This discussion has been locked. The information referenced herein may be inaccurate due to age, software updates, or external references.
You can no longer post new replies to this discussion. If you have a similar question you can start a new discussion in this forum.

How Can I Alert on a Backup Failure of a node

So, I am aware of this thread: https://thwack.solarwinds.com/product-forums/network-configuration-manager-ncm/f/forum/55296/backup-failure-alerts And I am also aware the job logs can be emailed, but that is a very crude email or don't email approach. 

I also like the idea of the mop up action that showed, and I can see that working in some cases for us but not for all. We have >100 weekly backup schedules which attempt to backup >6k devices. We don't want folks to manually trawl through log files as we already get blindsided enough by emails and so need an automated method to do this.

Simply stated:

We need to alert on any specific node that fails to backup so that it can be raised as an incident.

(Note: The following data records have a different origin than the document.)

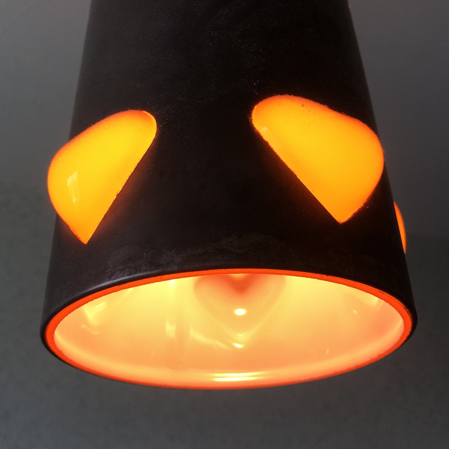 Retro lamp with hearts. Orange glass and metal. Nice used condition. Height 20 cm.
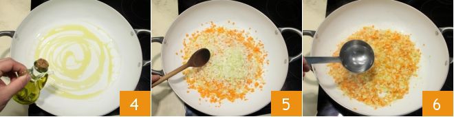 Put the extra virgin olive oil in a pan 4, heat it, then add the chopped onion, carrots, and celery 5. Stir to brown the vegetables on all sides. After 5 minutes, deglaze with broth (or boiling water) 6 and let it cook for another 10 minutes.
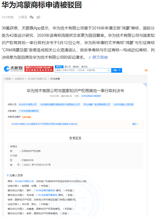 華為鴻蒙商標被駁回複審,涉及商標易造成混淆。
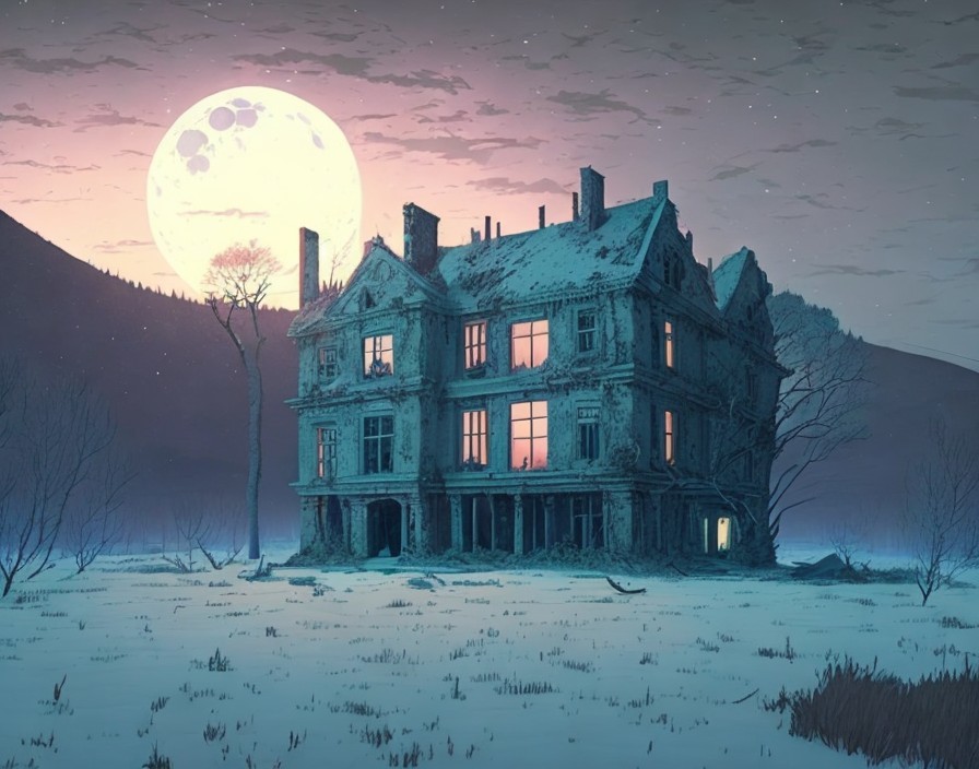 An eerie, dilapidated mansion stands under a full moon in a wintry landscape, casting a haunting glow amidst the desolation.
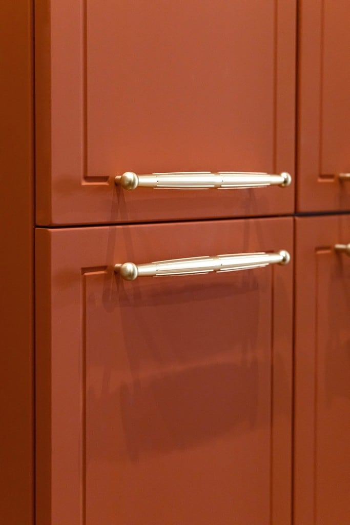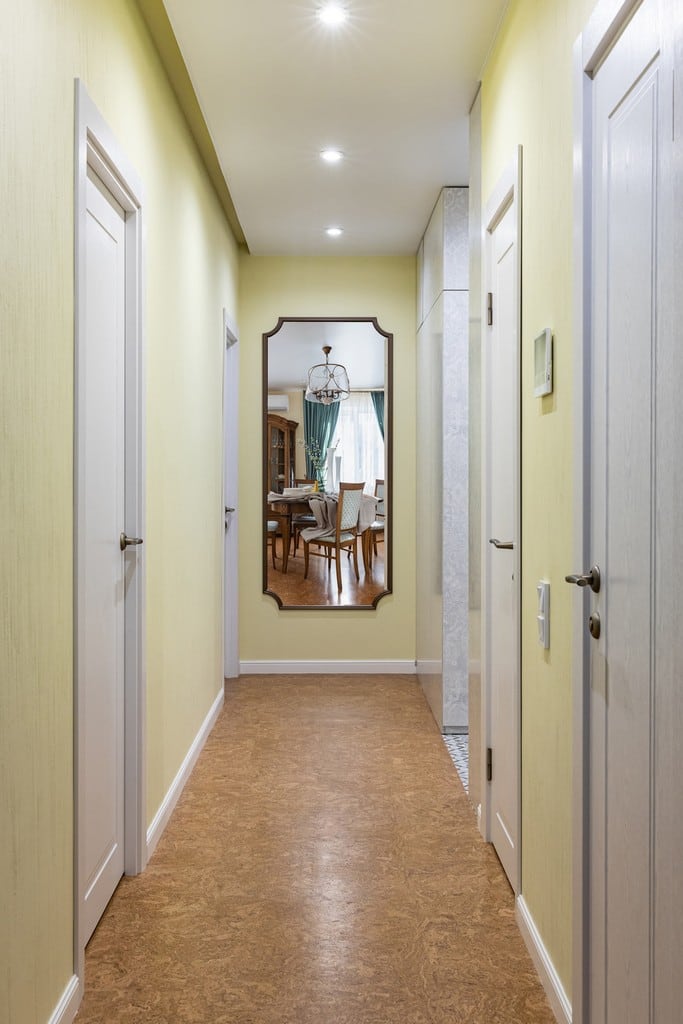 Удачная планировка квартиры отделила грязную зону, где хозяева разуваются при входе в дом. Весь хоз.блок и верхняя одежда сосредоточены в прихожей. Каждая ниша задействована. Отсутсвие ручек на шкафах - не случайно, таким образом мы маскируем шкафы под стены.

- personally speaking I know this is likely to raise more manual work to go and trigger a fresh backup or investigate why it is failing, but in this glorious new world of automation, this is what management want. And, let's face it, there is only so much sense you can talk to management before they start demanding stuff Wink

Parents
  • I see where you are headed, and it makes sense.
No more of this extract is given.